* [INFORMATION PROVIDED]
*-*-*

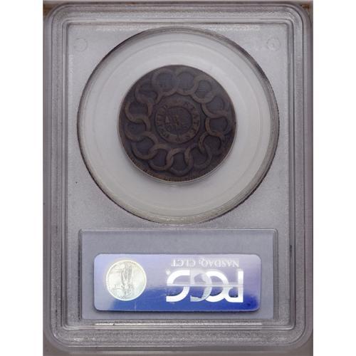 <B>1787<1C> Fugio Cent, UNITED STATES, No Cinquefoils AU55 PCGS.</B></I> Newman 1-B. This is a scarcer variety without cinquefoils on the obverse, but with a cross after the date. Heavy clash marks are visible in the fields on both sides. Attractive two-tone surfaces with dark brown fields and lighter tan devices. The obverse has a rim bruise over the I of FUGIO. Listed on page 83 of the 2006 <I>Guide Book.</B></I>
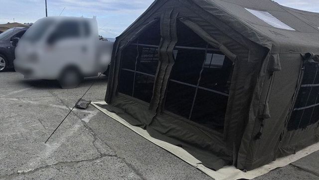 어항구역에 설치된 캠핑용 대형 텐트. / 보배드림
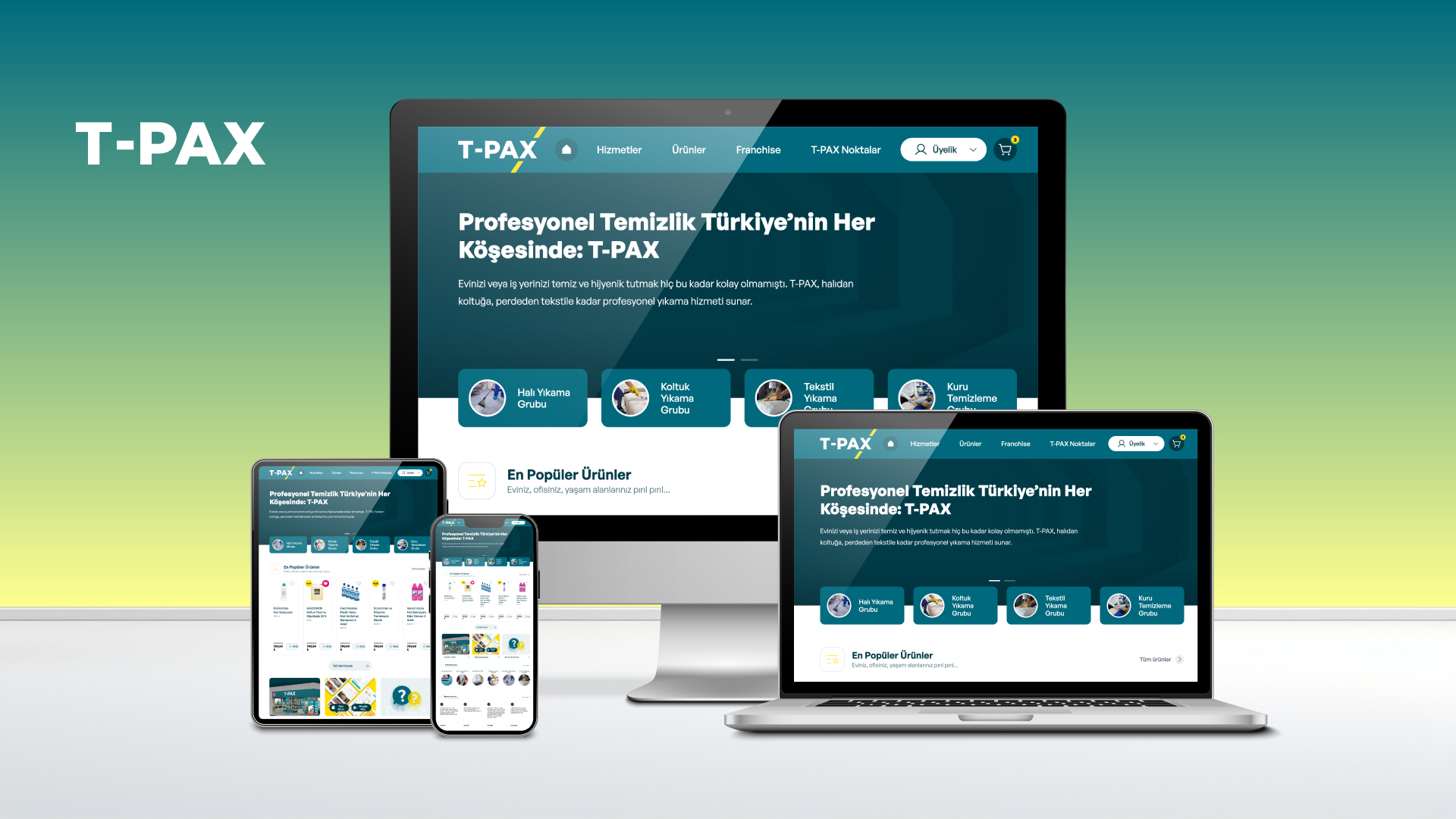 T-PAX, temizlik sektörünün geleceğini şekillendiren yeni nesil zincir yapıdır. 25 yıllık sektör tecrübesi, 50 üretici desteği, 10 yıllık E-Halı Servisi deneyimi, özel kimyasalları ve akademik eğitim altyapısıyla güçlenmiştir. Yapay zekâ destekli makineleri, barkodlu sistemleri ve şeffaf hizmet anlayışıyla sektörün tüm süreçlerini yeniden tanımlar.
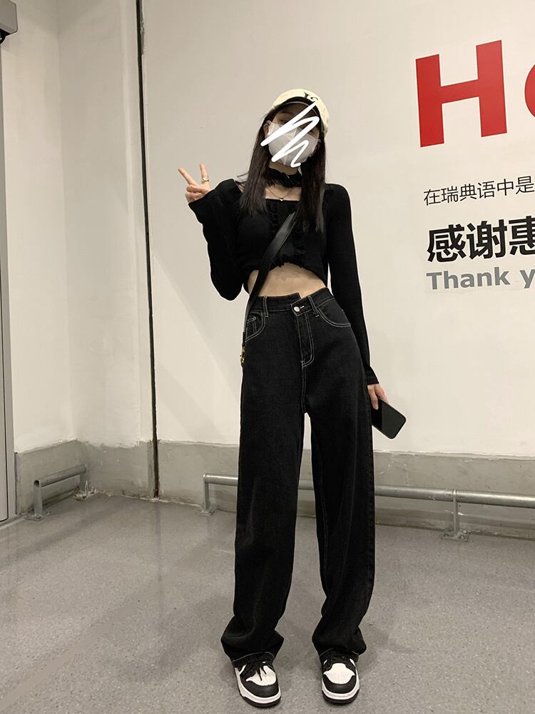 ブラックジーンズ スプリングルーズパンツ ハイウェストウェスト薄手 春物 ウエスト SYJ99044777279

*-*-*

Each line from the one that holds "T-PAX, temizlik sektörünün" through the final line of the data must be retyped exactly; the pictures must not appear.

* [EXERCISE ANSWER]
 T-PAX, temizlik sektörünün geleceğini şekillendiren yeni nesil zincir yapıdır. 25 yıllık sektör tecrübesi, 50 üretici desteği, 10 yıllık E-Halı Servisi deneyimi, özel kimyasalları ve akademik eğitim altyapısıyla güçlenmiştir. Yapay zekâ destekli makineleri, barkodlu sistemleri ve şeffaf hizmet anlayışıyla sektörün tüm süreçlerini yeniden tanımlar.
 ブラックジーンズ スプリングルーズパンツ ハイウェストウェスト薄手 春物 ウエスト SYJ99044777279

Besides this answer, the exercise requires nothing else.